§ TRY IT
Output every entry exactly as written, but omit the pictures.

§ Stored dataset items
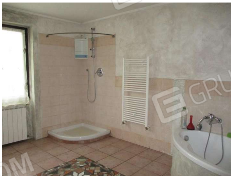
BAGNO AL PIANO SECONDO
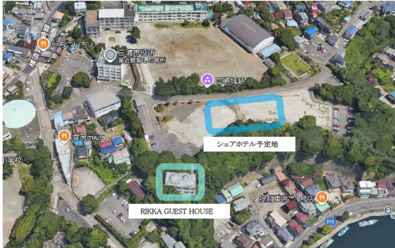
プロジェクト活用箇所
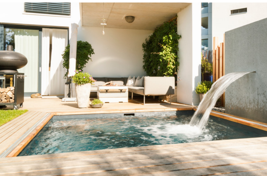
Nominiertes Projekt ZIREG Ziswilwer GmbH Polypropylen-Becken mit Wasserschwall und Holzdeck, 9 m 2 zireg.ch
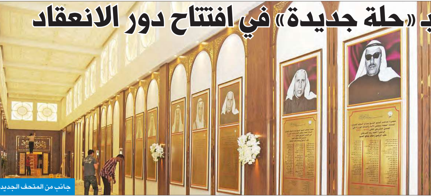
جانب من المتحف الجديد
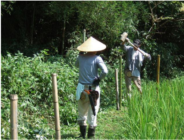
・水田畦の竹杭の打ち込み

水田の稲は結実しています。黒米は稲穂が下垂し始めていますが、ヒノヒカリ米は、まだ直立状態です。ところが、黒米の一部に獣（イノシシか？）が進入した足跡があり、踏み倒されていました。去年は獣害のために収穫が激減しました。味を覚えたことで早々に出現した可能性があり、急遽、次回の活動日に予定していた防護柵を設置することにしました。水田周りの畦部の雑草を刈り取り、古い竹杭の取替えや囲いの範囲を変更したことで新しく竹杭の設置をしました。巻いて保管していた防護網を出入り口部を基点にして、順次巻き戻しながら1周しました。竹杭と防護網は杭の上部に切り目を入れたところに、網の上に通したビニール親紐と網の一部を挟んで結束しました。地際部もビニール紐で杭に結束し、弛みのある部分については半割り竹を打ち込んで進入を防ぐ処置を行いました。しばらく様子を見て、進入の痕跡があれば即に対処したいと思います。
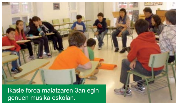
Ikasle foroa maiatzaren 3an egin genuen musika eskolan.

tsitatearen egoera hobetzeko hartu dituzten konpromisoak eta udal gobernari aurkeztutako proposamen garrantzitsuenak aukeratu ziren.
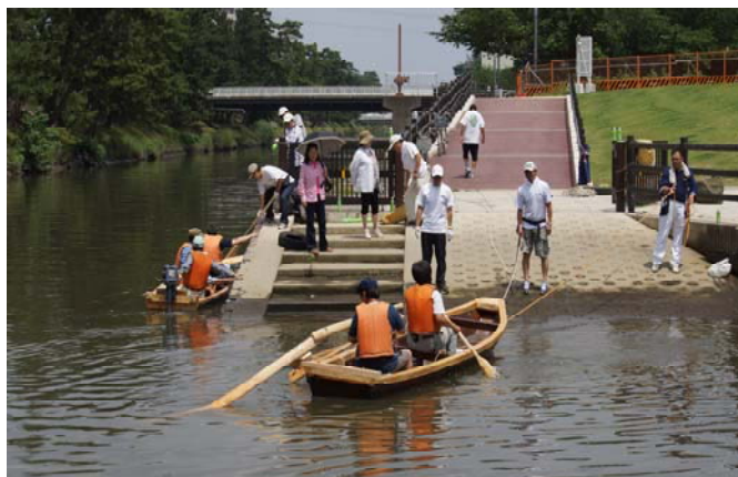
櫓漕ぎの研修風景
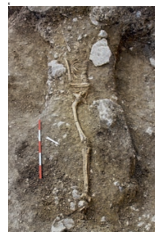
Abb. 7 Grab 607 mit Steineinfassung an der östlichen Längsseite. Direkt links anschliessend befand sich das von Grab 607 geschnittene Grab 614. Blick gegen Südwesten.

§ SOLUTION
BAGNO AL PIANO SECONDO
プロジェクト活用箇所
Nominiertes Projekt ZIREG Ziswilwer GmbH Polypropylen-Becken mit Wasserschwall und Holzdeck, 9 m 2 zireg.ch
جانب من المتحف الجديد
・水田畦の竹杭の打ち込み

水田の稲は結実しています。黒米は稲穂が下垂し始めていますが、ヒノヒカリ米は、まだ直立状態です。ところが、黒米の一部に獣（イノシシか？）が進入した足跡があり、踏み倒されていました。去年は獣害のために収穫が激減しました。味を覚えたことで早々に出現した可能性があり、急遽、次回の活動日に予定していた防護柵を設置することにしました。水田周りの畦部の雑草を刈り取り、古い竹杭の取替えや囲いの範囲を変更したことで新しく竹杭の設置をしました。巻いて保管していた防護網を出入り口部を基点にして、順次巻き戻しながら1周しました。竹杭と防護網は杭の上部に切り目を入れたところに、網の上に通したビニール親紐と網の一部を挟んで結束しました。地際部もビニール紐で杭に結束し、弛みのある部分については半割り竹を打ち込んで進入を防ぐ処置を行いました。しばらく様子を見て、進入の痕跡があれば即に対処したいと思います。
Ikasle foroa maiatzaren 3an egin genuen musika eskolan.

tsitatearen egoera hobetzeko hartu dituzten konpromisoak eta udal gobernari aurkeztutako proposamen garrantzitsuenak aukeratu ziren.
櫓漕ぎの研修風景
Abb. 7 Grab 607 mit Steineinfassung an der östlichen Längsseite. Direkt links anschliessend befand sich das von Grab 607 geschnittene Grab 614. Blick gegen Südwesten.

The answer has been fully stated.